(Records from a dataset)
--*--

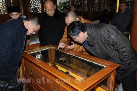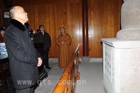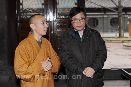 本次陪同视察工作的领导还有:国家宗教局一司佛教处副调研员颜玉科、浙江省民宗委宗教一处处长吴梦宝、宁波市民宗局宗教二处处长章洪春、江东区民宗局局长赵跃进等。参与接待工作的执事还有:七塔禅寺副寺法净法师、书记题坤法师等。
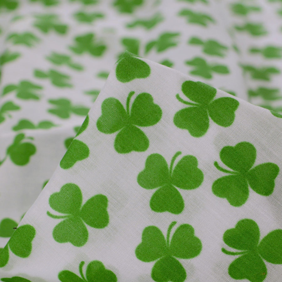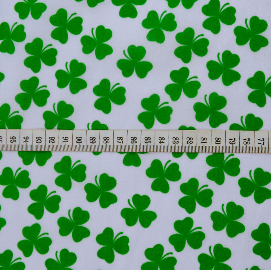 | Poly cotton fabric with a lucky green clover print on a white background. Perfect for crafts. | |
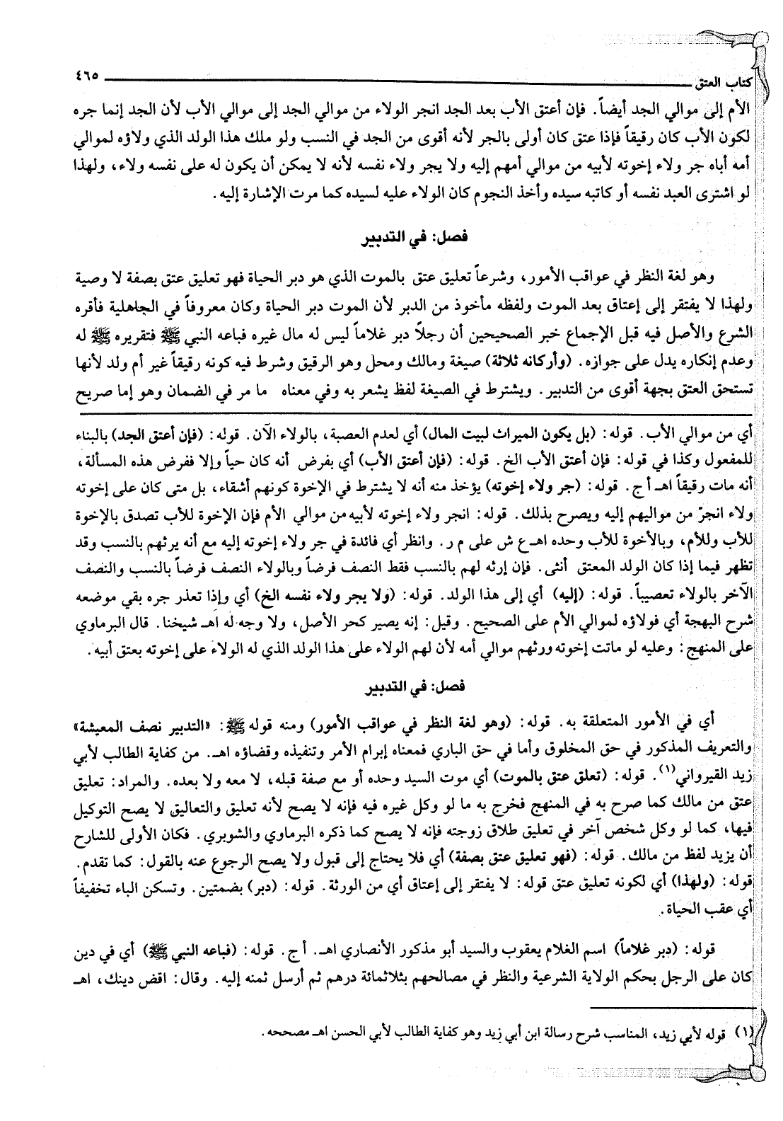 قَوْلُهُ: (دُبُرُ) بِضَمَّتَيْنِ. وَتُسَكَّنُ الْبَاءُ تَخْفِيفًا أَيْ عَقِبَ الْحَيَاةِ. قَوْلُهُ: (دَبَّرَ غُلَامًا) اسْمُ الْغُلَامِ يَعْقُوبُ وَالسَّيِّدِ أَبُو مَذْكُورٍ الْأَنْصَارِيُّ اهـ. أج. قَوْلُهُ: (فَبَاعَهُ النَّبِيُّ - صَلَّى اللَّهُ عَلَيْهِ وَسَلَّمَ -) أَيْ فِي دَيْنٍ كَانَ عَلَى الرَّجُلِ بِحُكْمِ الْوِلَايَةِ الشَّرْعِيَّةِ وَالنَّظَرِ فِي مَصَالِحِهِمْ بِثَلَاثِمِائَةِ دِرْهَمٍ ثُمَّ أَرْسَلَ ثَمَنَهُ إلَيْهِ. وَقَالَ: اقْضِ دَيْنَك، اهـ
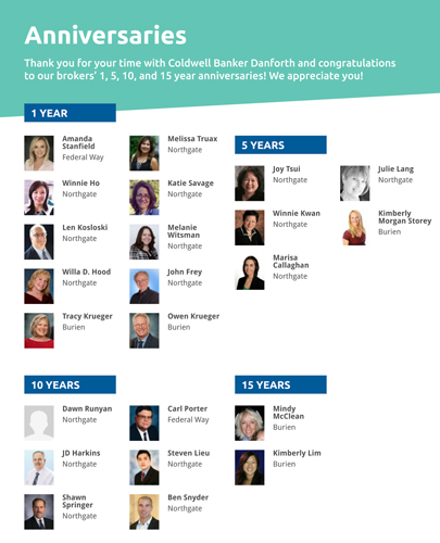 Thank you for the great service you provide to your clients and our communities. Happy anniversary to our long-term professional real estate brokers:
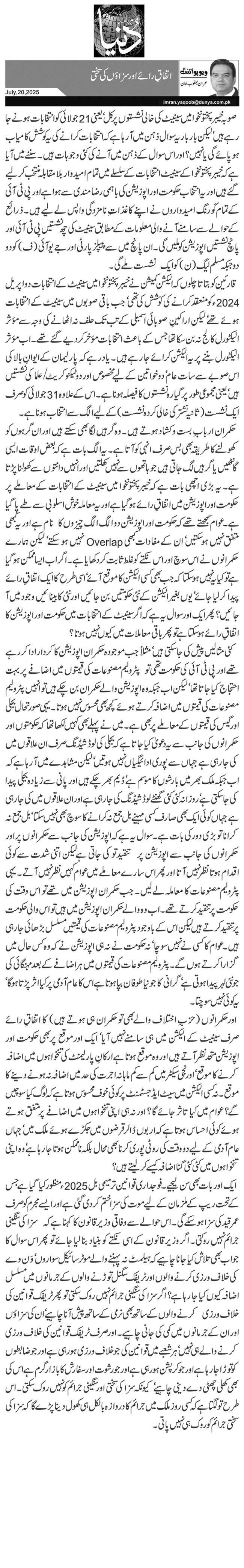 قارئین کو بتاتا چلوں کہ الیکشن کمیشن نے خیبر پختونخوا میں سینیٹ کے انتخابات دو اپریل 2024ء کو منعقد کرانے کی کوشش کی تھی‘ جب باقی صوبوں میں سینیٹ کے انتخابات ہوئے تھے‘ لیکن اراکینِ صوبائی اسمبلی کے تب تک حلف نہ اٹھانے کی وجہ سے مؤثر الیکٹورل کالج نہ بن سکا تھا جس کے باعث انتخابات مؤخر کر دیے گئے تھے۔ اب مؤثر الیکٹورل بننے پر یہ الیکشن کرائے جا رہے ہیں۔ یاد رہے کہ پارلیمان کے ایوانِ بالا کی اس صوبے سے سات عام‘ دو خواتین کے لیے مخصوص اور دو ٹیکنوکریٹ/ علما کی نشستیں ہیں‘ یعنی مجموعی طور پر گیارہ نشستوں کا فیصلہ ہونا ہے۔ اس کے علاوہ 31جولائی کو صرف ایک نشست (ثانیہ نشتر کی خالی کردہ نشست) کے لیے الگ سے انتخاب ہونا ہے۔
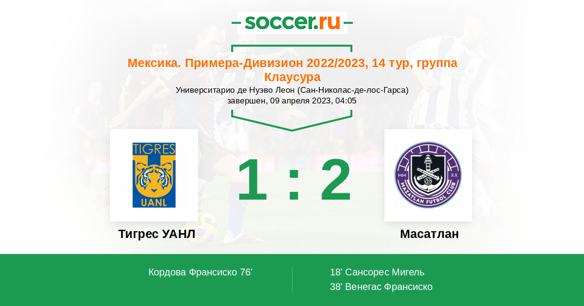 76' (1:2) Кордова Франсиско (17) (Ангуло Хесус (27))
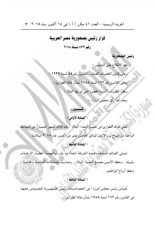 أصدر الرئيس عبدالفتاح السيسي، القرار رقم 473 لسنة 2018، بإعلان حالة الطوارئ فى جميع أنحاء البلاد لمدة ثلاثة أشهر.

--*--

TASK DETAILS:
Print the data above exactly, from its first line to the line bearing "Thank you for" inclusive, and keep pictures out of the result.

RESULT FOR THIS EXERCISE:
 本次陪同视察工作的领导还有:国家宗教局一司佛教处副调研员颜玉科、浙江省民宗委宗教一处处长吴梦宝、宁波市民宗局宗教二处处长章洪春、江东区民宗局局长赵跃进等。参与接待工作的执事还有:七塔禅寺副寺法净法师、书记题坤法师等。
 | Poly cotton fabric with a lucky green clover print on a white background. Perfect for crafts. | |
 قَوْلُهُ: (دُبُرُ) بِضَمَّتَيْنِ. وَتُسَكَّنُ الْبَاءُ تَخْفِيفًا أَيْ عَقِبَ الْحَيَاةِ. قَوْلُهُ: (دَبَّرَ غُلَامًا) اسْمُ الْغُلَامِ يَعْقُوبُ وَالسَّيِّدِ أَبُو مَذْكُورٍ الْأَنْصَارِيُّ اهـ. أج. قَوْلُهُ: (فَبَاعَهُ النَّبِيُّ - صَلَّى اللَّهُ عَلَيْهِ وَسَلَّمَ -) أَيْ فِي دَيْنٍ كَانَ عَلَى الرَّجُلِ بِحُكْمِ الْوِلَايَةِ الشَّرْعِيَّةِ وَالنَّظَرِ فِي مَصَالِحِهِمْ بِثَلَاثِمِائَةِ دِرْهَمٍ ثُمَّ أَرْسَلَ ثَمَنَهُ إلَيْهِ. وَقَالَ: اقْضِ دَيْنَك، اهـ
 Thank you for the great service you provide to your clients and our communities. Happy anniversary to our long-term professional real estate brokers:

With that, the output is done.